The day we moved into our new English home in 1997, my father walked up to the living-room window and very slowly pushed open the lower ledge. ‘Ein Sash Window – hast du so was schon mal gesehen?’ Had I ever seen anything like that? He let go of the brass handle. The ledge stayed in position, drawing an involuntary whistle from my father, followed by a grunt and a nod of the head. This acoustic code was well known in the family, a telltale sign that my father was admiring the robustness of a piece of furniture or machinery. The hung-sash window, my father explained, was a masterpiece of British craftsmanship: a complex pulley system of weights and counterweights elegantly hidden in the window frame, centuries old yet still state of the art.
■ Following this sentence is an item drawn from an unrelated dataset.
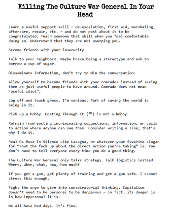 I wrote So You Want To Be A Culture War General in 2024, two months before the US general election. I was tired, I was angry, and I was so very done with seeing people post panicked polemic without caring for the well-being of those around them simply because they wanted to be More Correct Than Everyone Else (tm).

To him, the oblique charm of the sash window typified the appeal of our new home. It might have been small – smaller than the house my parents had been able to afford in Germany – but it made ingenious use of the little space it had, creating a Through-the-Looking-Glass effect, whereby the internal space was larger than what you expected from outside. We were charmed by our new English home, its nooks and crannies, its eccentric use of stairs and its damp bathroom carpets.
Like most northern Europeans, we were dedicated Anglophiles. Which is to say that we were practically half-English before we made the move: tea drinkers, shortbread nibblers, watchers of non-subtitled BBC comedies. When my father was offered a position at the London office of his company, it was a chance to complete the metamorphosis. My parents were ambitious: within weeks of our arrival, my father started demanding fried bacon and beans on toast for breakfast. My mother tried her hand at a Sunday roast. I was encouraged to take up cricket. But the road to Englishness wasn’t always smooth. We soon discovered that the sash window had an irritating habit of rattling in the frame each time an aeroplane passed overhead (which was frequent – we lived on the Heathrow flight path). One or two of the windows didn’t rattle – they had been painted shut, which was just as irritating. Cleaning a sash window proved to be difficult, if not impossible, because you couldn’t reach the area where the two sheets of glass overlapped. After the summer, a neat rectangle of filth had crystallized in the middle of the two panes. When winter came, we had to move the sofas away from the windows to avoid the draught that sneaked through the gaps.
Other features we had originally admired began to grate. My mother’s key snapped in the lock of our front door and several days were spent wondering why no one had thought of equipping the door with a handlebar, thus taking the pressure off the key on opening. There was an awkward encounter with a plumber who spent a week trying to fix a burst pipe before breaking down in tears and admitting that he didn’t have a clue what he was doing.